[Dataset records]
+===+
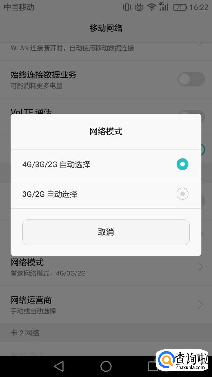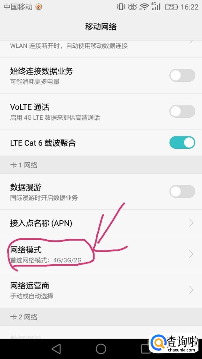 进入移动网络界面后,向下滑动,可以看到网络模式。
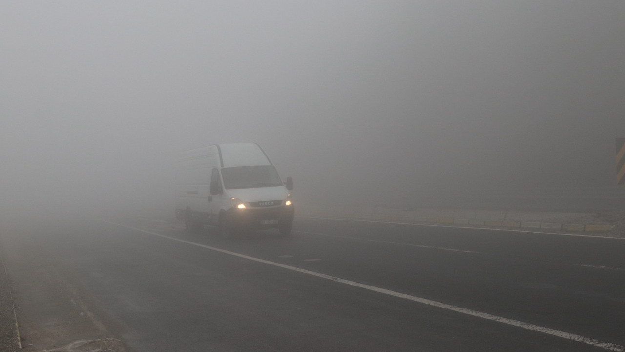 Ulaşımı olumsuz etkileyen sis nedeniyle sürücüler araçlarının dörtlülerini açarak ilerledi.
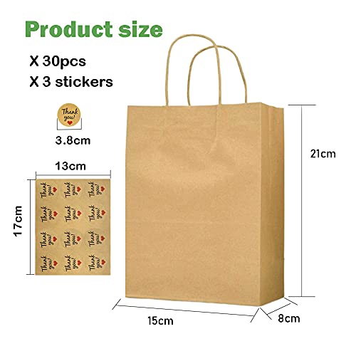 Borsa Kraft Marrone, 30 Pezzi Borse di Carta con Manici Marrone, 21 15 8CM Sacchetto Regalo Marrone per Lo Shopping, Borsa Shopping in Carta Marrone, Adatto per Natale, Wedding (Con 3Pz Adesivi)
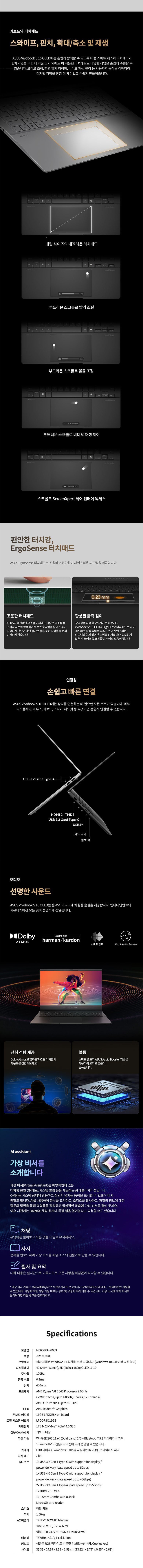 | 품명 및 모델명 | 노트북 컴퓨터 / 모델명: M5606KA-RI083 / 인증모델명: M5606K | KC 인증정보 | YU10168-24009, R-R-MSQ-NB-M5606K |
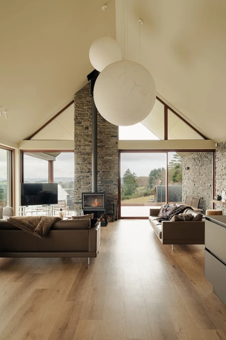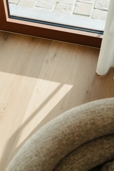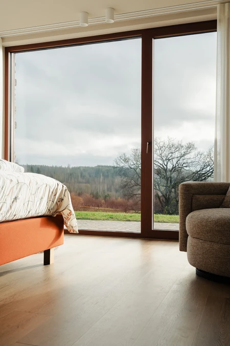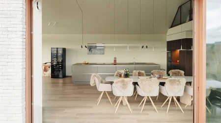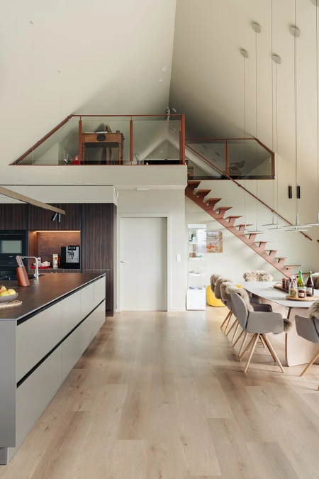 För golvbeläggningen valdes Parquetvinyl. Ett beslut som både estetiskt och praktiskt passar perfekt in i husets koncept. Det naturliga träutseendet ger värme till de moderna rummen, medan de underhållsvänliga egenskaperna är idealiska för en semesterbostad som används intensivt. Resultatet? Ett golv som inte bara är vackert, utan också tål vardagens slit.
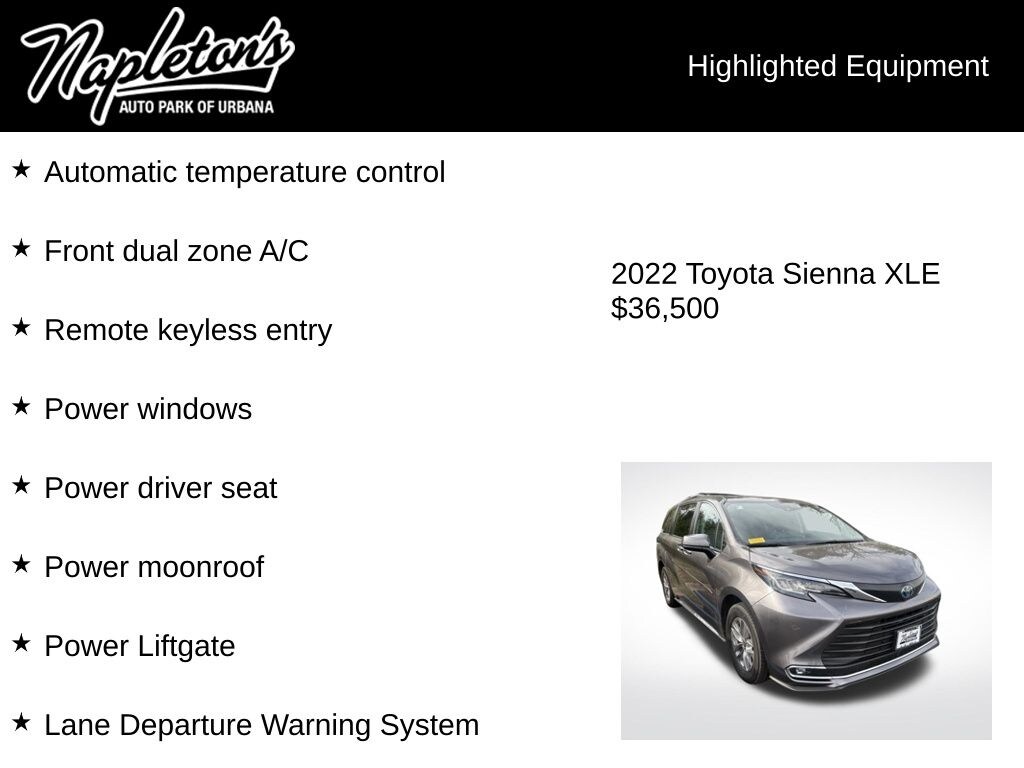 Elevate your driving experience and make the 2022 Toyota Sienna XLE your family's new best friend. Contact us today to schedule a test drive and discover the true magic of this exceptional minivan.
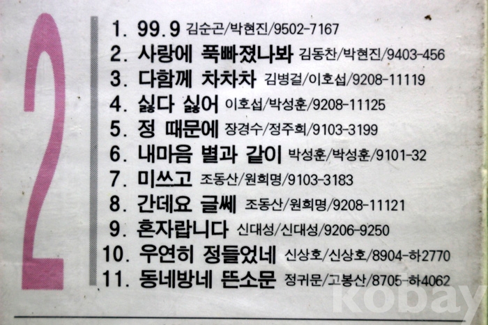 수록 곡 목은 사진을 참조하시기 바랍니다
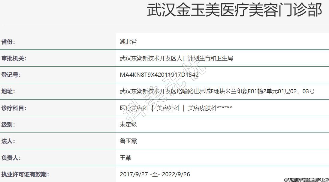 武漢金玉美醫(yī)療美容2016年08月05日成立,地址:武漢東湖新技術(shù)開發(fā)區(qū)珞喻路世界城E地塊米蘭印象E01幢2單元01層02、03號,診療科目:醫(yī)療美容科 | 美容外科 | 美容皮膚科******
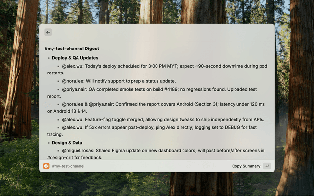Summarize any Slack channel or thread directly from Raycast using OpenAI. Perfect for catching-up after vacations, keeping stakeholders in the loop, or turning noisy discussions into succinct, bullet-point briefs.
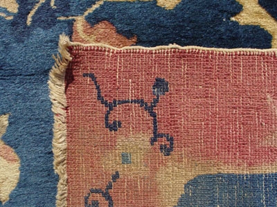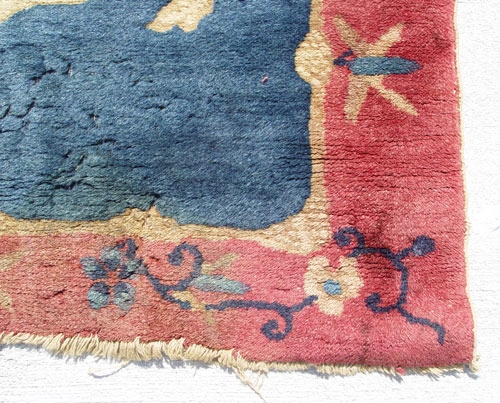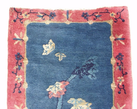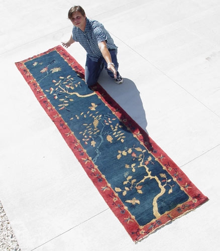CHINESE ART DECO ERA CARPET RUNNER: Blue and burgundy with branch design, 11' 4'' long x 30'' wide.
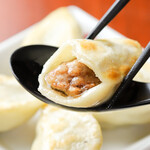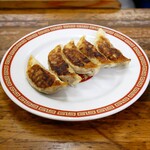 「ホワイト餃子」の暖簾分け店。厚めの俵形、揚げ焼きにした皮はまるで香ばしいパンのよう。ラードのうまみをまとったパリもちボディに、野菜たっぷりの餡が優しく寄り添う。
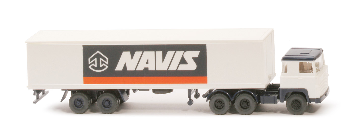 | Zugmaschine | Dach | stahlblau | Kabine oben | weiß | Kabine unten | weiß | Stoßstange | stahlblau | Scheinwerfer | 2, ungesilbert | Spiegel | mit | Scheibenwischer | mit | Lenkrad | mit | hinterer Radlauf | stahlblau | Sattelpfanne | für großen Königsbolzen | Reserverad | unter Chassis | Chassis Farbe | stahlblau | Räder | 12mm, Profil grob | 8-Loch-Felgen | silbergrau | | Auflieger | Dach | weiß | Korpus | weiß | Türen | neu, weiß | Beschriftung Fahrerseite | Navis (s. Foto) | Beschriftung Beifahrerseite | Navis (s. Foto) | | Auflieger | Farbe | stahlblau | Unterfahrschutz | mit | Königsbolzen | stark | Räder | 12mm, Profil grob | 8-Loch-Felgen | stahlblau |
+===+
◆ **EXERCISE PROMPT**
Each line of the data is to be duplicated exactly; pictures stay out of the copy.

◆ **SOLUTION FOR THIS PROBLEM**
 进入移动网络界面后,向下滑动,可以看到网络模式。
 Ulaşımı olumsuz etkileyen sis nedeniyle sürücüler araçlarının dörtlülerini açarak ilerledi.
 Borsa Kraft Marrone, 30 Pezzi Borse di Carta con Manici Marrone, 21 15 8CM Sacchetto Regalo Marrone per Lo Shopping, Borsa Shopping in Carta Marrone, Adatto per Natale, Wedding (Con 3Pz Adesivi)
 | 품명 및 모델명 | 노트북 컴퓨터 / 모델명: M5606KA-RI083 / 인증모델명: M5606K | KC 인증정보 | YU10168-24009, R-R-MSQ-NB-M5606K |
 För golvbeläggningen valdes Parquetvinyl. Ett beslut som både estetiskt och praktiskt passar perfekt in i husets koncept. Det naturliga träutseendet ger värme till de moderna rummen, medan de underhållsvänliga egenskaperna är idealiska för en semesterbostad som används intensivt. Resultatet? Ett golv som inte bara är vackert, utan också tål vardagens slit.
 Elevate your driving experience and make the 2022 Toyota Sienna XLE your family's new best friend. Contact us today to schedule a test drive and discover the true magic of this exceptional minivan.
 수록 곡 목은 사진을 참조하시기 바랍니다
 武漢金玉美醫(yī)療美容2016年08月05日成立,地址:武漢東湖新技術(shù)開發(fā)區(qū)珞喻路世界城E地塊米蘭印象E01幢2單元01層02、03號,診療科目:醫(yī)療美容科 | 美容外科 | 美容皮膚科******
Summarize any Slack channel or thread directly from Raycast using OpenAI. Perfect for catching-up after vacations, keeping stakeholders in the loop, or turning noisy discussions into succinct, bullet-point briefs.
CHINESE ART DECO ERA CARPET RUNNER: Blue and burgundy with branch design, 11' 4'' long x 30'' wide.
 「ホワイト餃子」の暖簾分け店。厚めの俵形、揚げ焼きにした皮はまるで香ばしいパンのよう。ラードのうまみをまとったパリもちボディに、野菜たっぷりの餡が優しく寄り添う。
 | Zugmaschine | Dach | stahlblau | Kabine oben | weiß | Kabine unten | weiß | Stoßstange | stahlblau | Scheinwerfer | 2, ungesilbert | Spiegel | mit | Scheibenwischer | mit | Lenkrad | mit | hinterer Radlauf | stahlblau | Sattelpfanne | für großen Königsbolzen | Reserverad | unter Chassis | Chassis Farbe | stahlblau | Räder | 12mm, Profil grob | 8-Loch-Felgen | silbergrau | | Auflieger | Dach | weiß | Korpus | weiß | Türen | neu, weiß | Beschriftung Fahrerseite | Navis (s. Foto) | Beschriftung Beifahrerseite | Navis (s. Foto) | | Auflieger | Farbe | stahlblau | Unterfahrschutz | mit | Königsbolzen | stark | Räder | 12mm, Profil grob | 8-Loch-Felgen | stahlblau |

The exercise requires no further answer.